## Abstract

After a brief indication of the types of physical problem in which they arise, an account is given of methods of evaluation of the Fermi-Dirac functions, F$_{n}$($\eta $) = $\int_{0}^{\infty}$ {x$^{n}$/(e$^{x-\eta}$+ 1)} dx, for positive integral values of n.

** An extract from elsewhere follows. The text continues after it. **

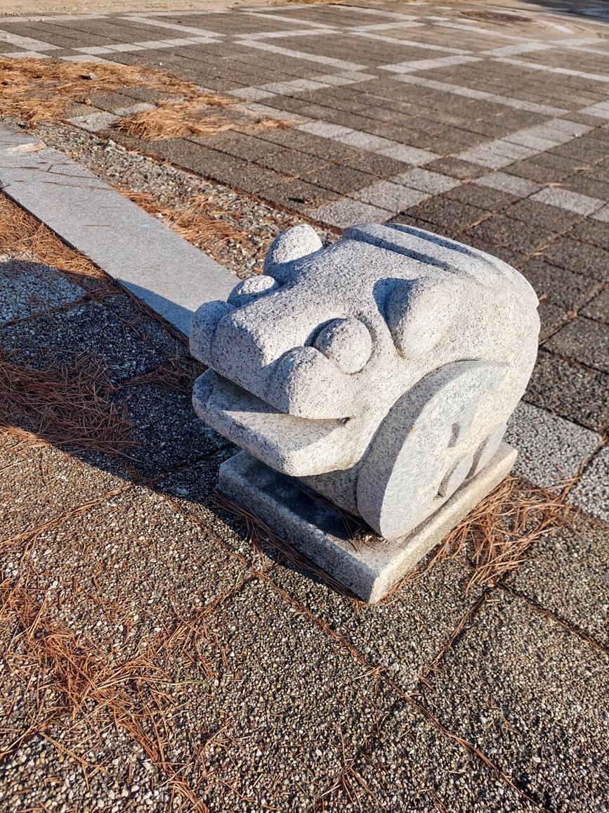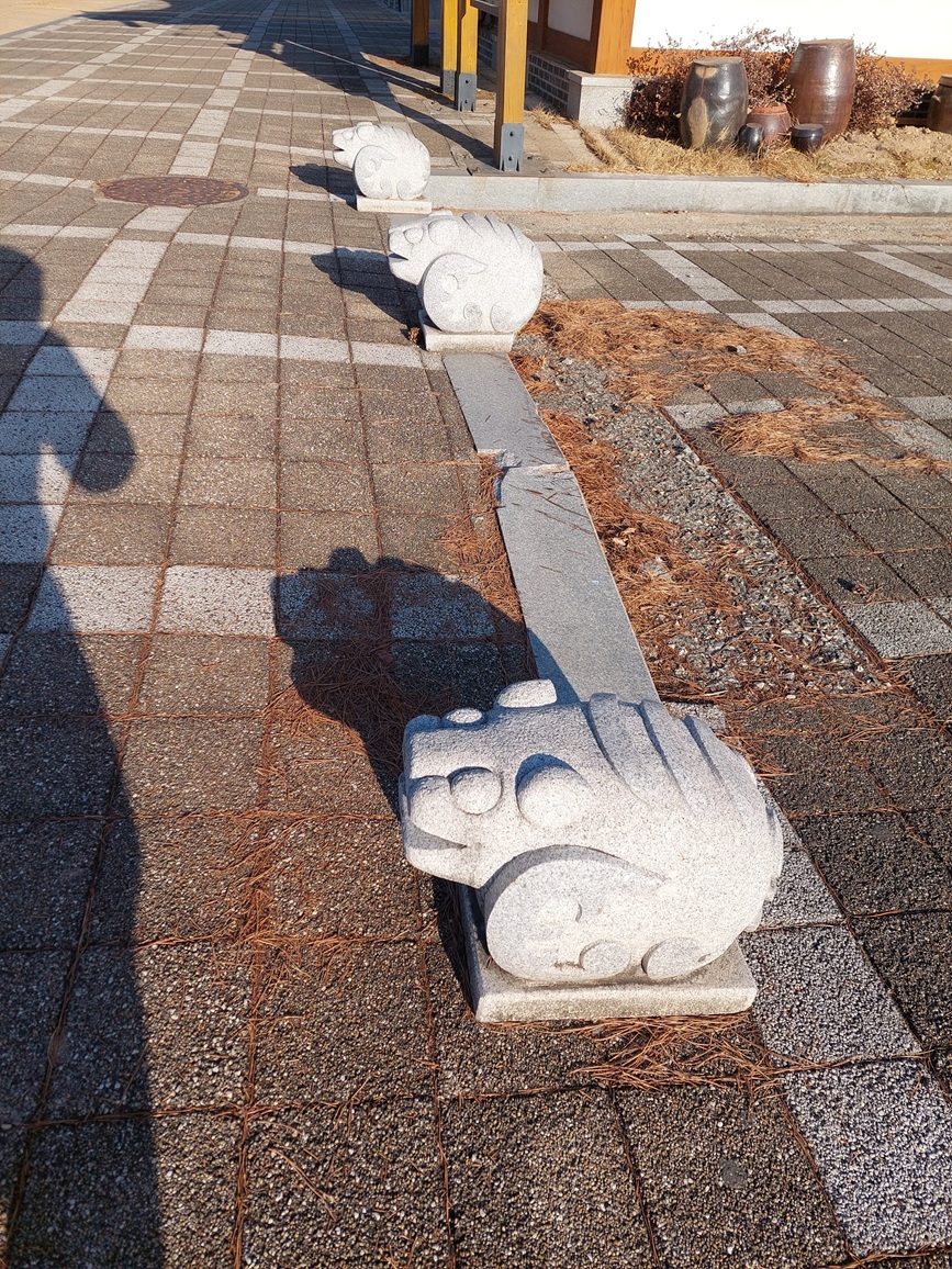 한옥마을에 이렇게 배치된 석상은 대체 무엇일까? 나중에 보겠지만 공주의 자랑, 무령왕릉을 지키던 진묘수를 귀엽게 형상화한 것일까? 진짜 귀여워서 사진 두 장을 찍어보았다.

The following relationship is derived: F$_{n}$(+$|\eta|$)+(-)$^{n+1}$ F$_{n}$(-$|\eta|$) = S$_{n}$(+$|\eta|$), where S$_{n}$($\eta $) = $\frac{\eta ^{n+1}}{n+1}\left\{1+\sum_{r=1}2(n+1)\, n\ldots (n-2r+2)\,(1-2^{1-2r})\,\zeta (2r)\,\eta ^{-2r}\right\}$; and the expressions for S$_{n}$($\eta $) are tabulated for n= 1, 2, 3, 4. A series suitable for the evaluation of F$_{n}$(-$|\eta|$) to any required accuracy is indicated; together with the derived relationship this provides a means by which F$_{n}$(+ $|\eta|$) may be computed to any required accuracy. To facilitate the use of the functions the values of (1/n!) F$_{n}$(- $|\eta|$) for n= 1, 2, 3, 4 have been calculated and are tabulated to seven decimal places for $\eta $ = 0$\cdot $0(0$\cdot $1) 4$\cdot $0.